Requirement: Below is a listing with pictures. Repeat exactly the lines starting at the one holding "ENGRASADORA NEUMÁTICA HYQ11/RP 8043" and going on through the one holding "Die Schriftstellerin und", and leave every picture out.

Listed records:
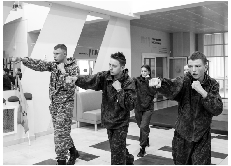
■ Военно-патриотический клуб "Звезда"

После торжественного открытия ребята приняли участие в работе творческих, спортивных, патриотических и информационных площадок. Всего их было шесть: «Юные инспекторы движения» (школа №32), «Дружина юных пожарных» (школа №34), «Юные друзья полиции» (школа №160), военно-патри-
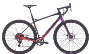
56 GRAVEL BIKE Ideální kolo na cesty?
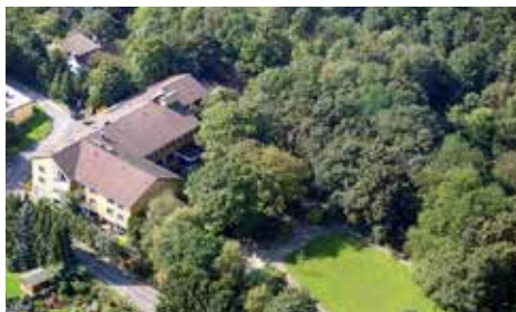
Haus am Turm

Leben für andere praktizieren wir im Alltag. Wir erhoffen uns neue Kraft aus der Stille und der Gemeinschaft für unser Dasein und Handeln für andere.
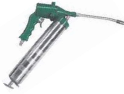
ENGRASADORA NEUMÁTICA HYQ11/RP 8043
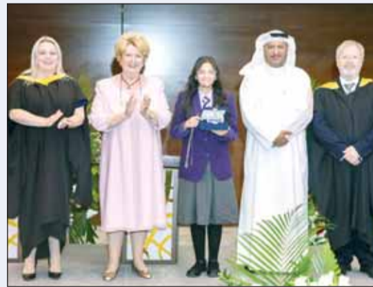
تكريم طالبة فائزة بالجائزة الخاصة
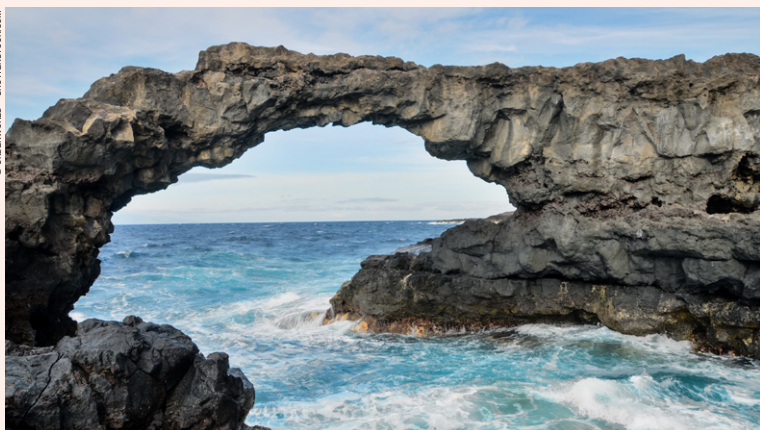
Arche naturelle de pierre à El Hierro.
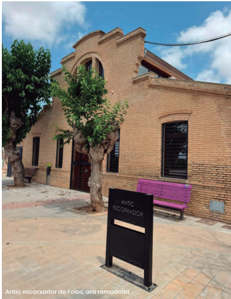
Antic escorxador de Foios, ara remodelat

Amb l'aigua de la séquia no ens atrevíem a més. L'experièn-
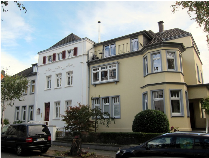
Wohnhäuser Coburger Straße 5 (linkes Gebäude) und 7 (rechtes Gebäude) in Bonn (2014)
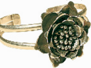
大方可爱的花朵装饰神秘绚烂夺目,使花样少女越发俏丽可人。(银泰百货海盜船专柜,759 RMB)
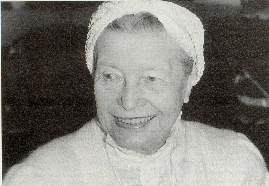
Die Schriftstellerin und Philosophin Simone de Beauvoir um 1975

Vor zehn Jahren, am 14. April 1986, starb eine der bedeutendsten Frauen unseres Jahrhunderts. Die französische Schriftstellerin und Philosophin Simone de Beauvoir schrieb unter anderem auch über das Alter, und zwar eines der umfassendsten Bücher, das je zu diesem Thema verfasst worden ist. Das 500 Seiten starke Werk hat bis heute nichts von seiner Gültigkeit und Faszination eingebüsst.
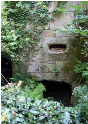
Figura 15 – Moinho de água (Casal de Pombeiro, Cerva)

Na obra poética de MVC reconhece-se igualmente um pontuar dos ciclos naturais e das actividades campestres ao longo do ano, um registo das horas do dia, um percorrer constante de paisagens e ambiências rurais, universos reais e emocionais, como provam os versos:
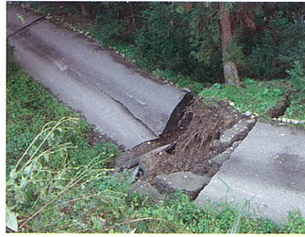
真っ二つに割れ、高い段差ができた道路
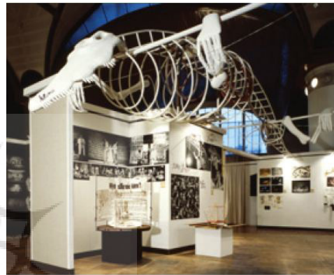
تصویر ۵-۲- کاتالوگ رویداد پی کیو. ماخذ: ( http://services.pq.cz/en/archive.html )
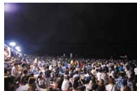
会場ぎっしり 25000 人のみんな

Answer for this exercise:
ENGRASADORA NEUMÁTICA HYQ11/RP 8043
تكريم طالبة فائزة بالجائزة الخاصة
Arche naturelle de pierre à El Hierro.
Antic escorxador de Foios, ara remodelat

Amb l'aigua de la séquia no ens atrevíem a més. L'experièn-
Wohnhäuser Coburger Straße 5 (linkes Gebäude) und 7 (rechtes Gebäude) in Bonn (2014)
大方可爱的花朵装饰神秘绚烂夺目,使花样少女越发俏丽可人。(银泰百货海盜船专柜,759 RMB)
Die Schriftstellerin und Philosophin Simone de Beauvoir um 1975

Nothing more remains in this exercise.